My idea was to apply it to the wall mostly, but the chair tipped, and so I papered the piano and my wife on the way down (Page 36)
I took a tape-measure and sized the walls.
Next I began to prepare the paste and cook some in a large milk-pan. It looked very repulsive indeed, but it looked so much better than it smelled, that I did not mind. Then I put about five cents' worth of it on one roll of paper, and got up on a chair to begin. My idea was to apply it to the wall mostly, but the chair tipped, and so I papered the piano and my wife on the way down. My wife gasped for breath, but soon tore a hole through the paper so she could breathe, and then she laughed at me. That is the reason I took another end of the paper and repapered her face. I can not bear to have any one laugh at me when I am myself unhappy.
It was good paste, if you merely desired to disfigure a piano or a wife, but otherwise it would not stick at all. I did not like it. I was mad about it. But my wife seemed quite stuck on it. She hasn't got it all out of her hair yet.

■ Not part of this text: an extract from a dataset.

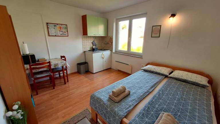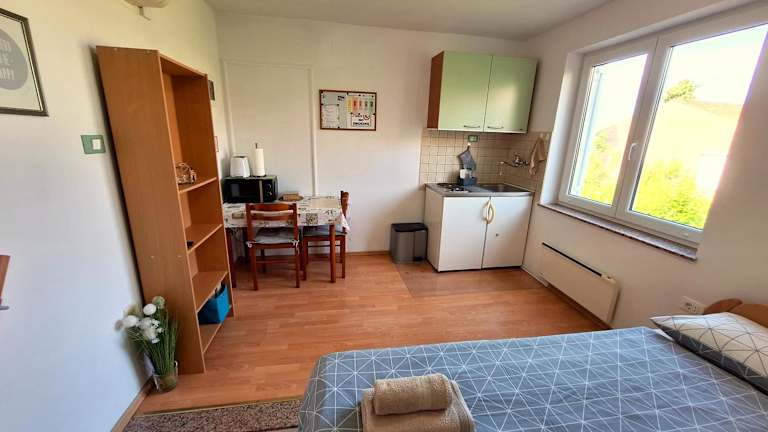 Die Ferienwohnung verfügt über ein Schlafzimmer und ist mit einem Flachbild-TV mit Satellitenkanälen, einer gut ausgestatteten Küche (mit Kühlschrank und Herdplatte) sowie einem Badezimmer mit Dusche ausgestattet. Handtücher und Bettwäsche werden bereitgestellt.

Then a man dropped in to see me about some money that I had hoped to pay him that morning, and he said the paste needed more glue and a quart of molasses. I put in some more glue and the last drop of molasses we had in the house. It made a mass which looked like unbaked ginger snaps, and smelled as I imagine the deluge did at low tide.

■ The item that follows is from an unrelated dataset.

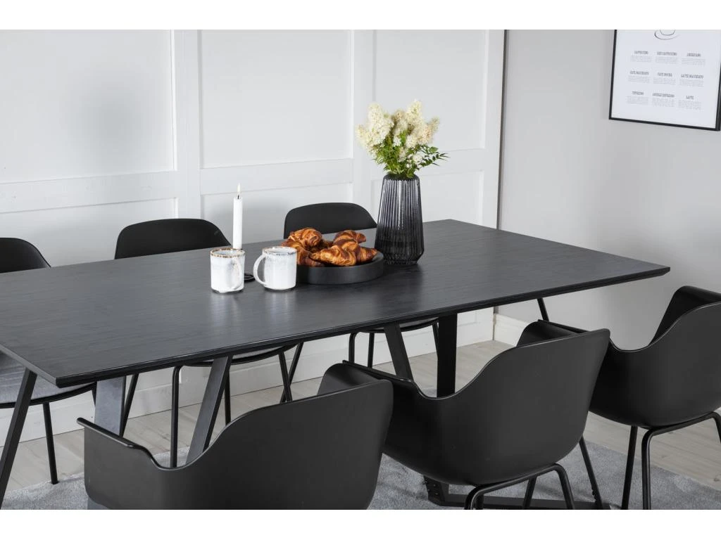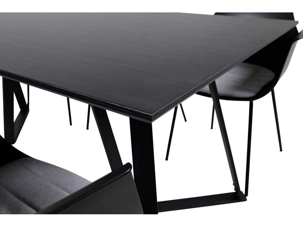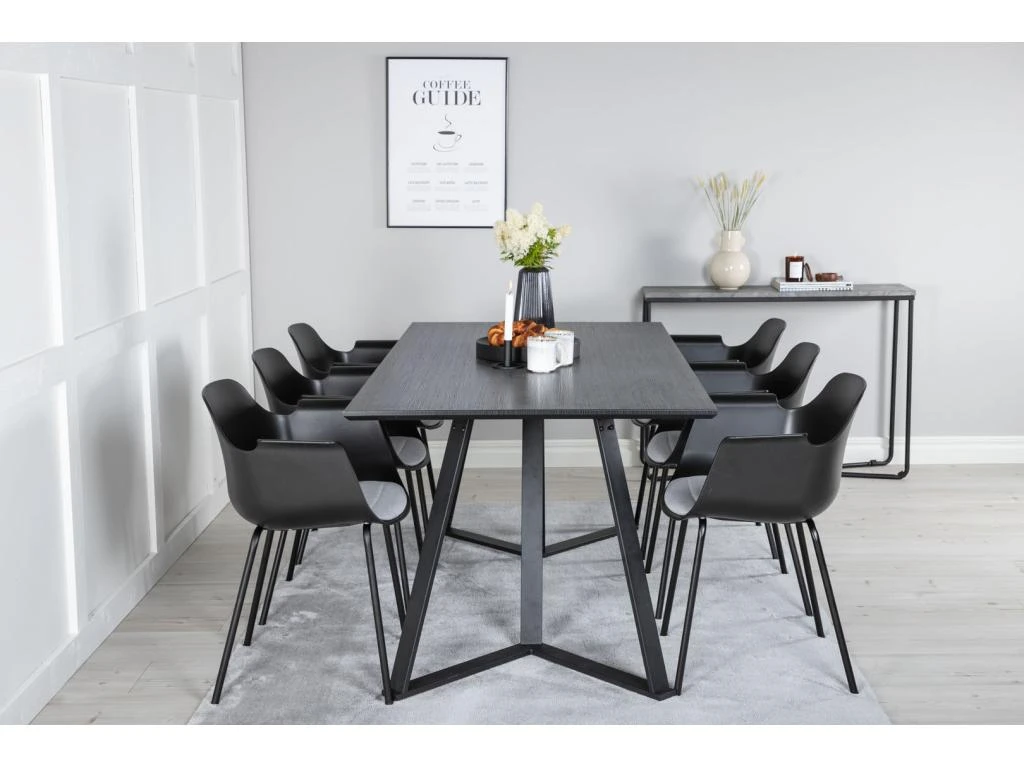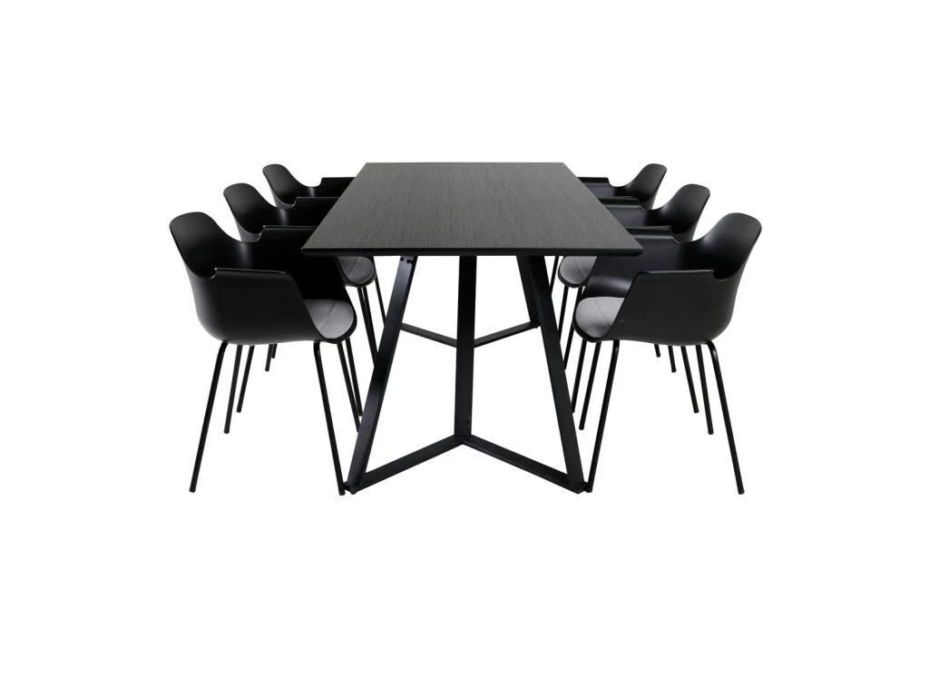 MarinaBLBL Ensemble Table, Table Noir Et 6 Polar Chaises Velours Gris.

I next proceeded to paper the room. Sometimes the paper would adhere, and then again it would refrain from adhering. When I got around the room I had gained ground so fast at the top and lost so much time at the bottom of the walls, that I had to put in a wedge of paper two feet wide at the bottom, and tapering to a point at the top, in order to cover the space. This gave the room the appearance of having been toyed with by an impatient cyclone, or an air of inebriety not in keeping with my poor but honest character.
I went to bed very weary, and abraded in places. I had paste in my pockets, and bronze up my nose. In the night I could hear the paper crack. Just as I would get almost to sleep, it would pop. That was because the paper was contracting and trying to bring the dimensions of the room I own to fit it.
In the morning the room had shrunken so that the carpet did not fit, and the paper hung in large molasses-covered welts on the walls. It looked real grotesque. I got a paper-hanger to come and look at it. He did so.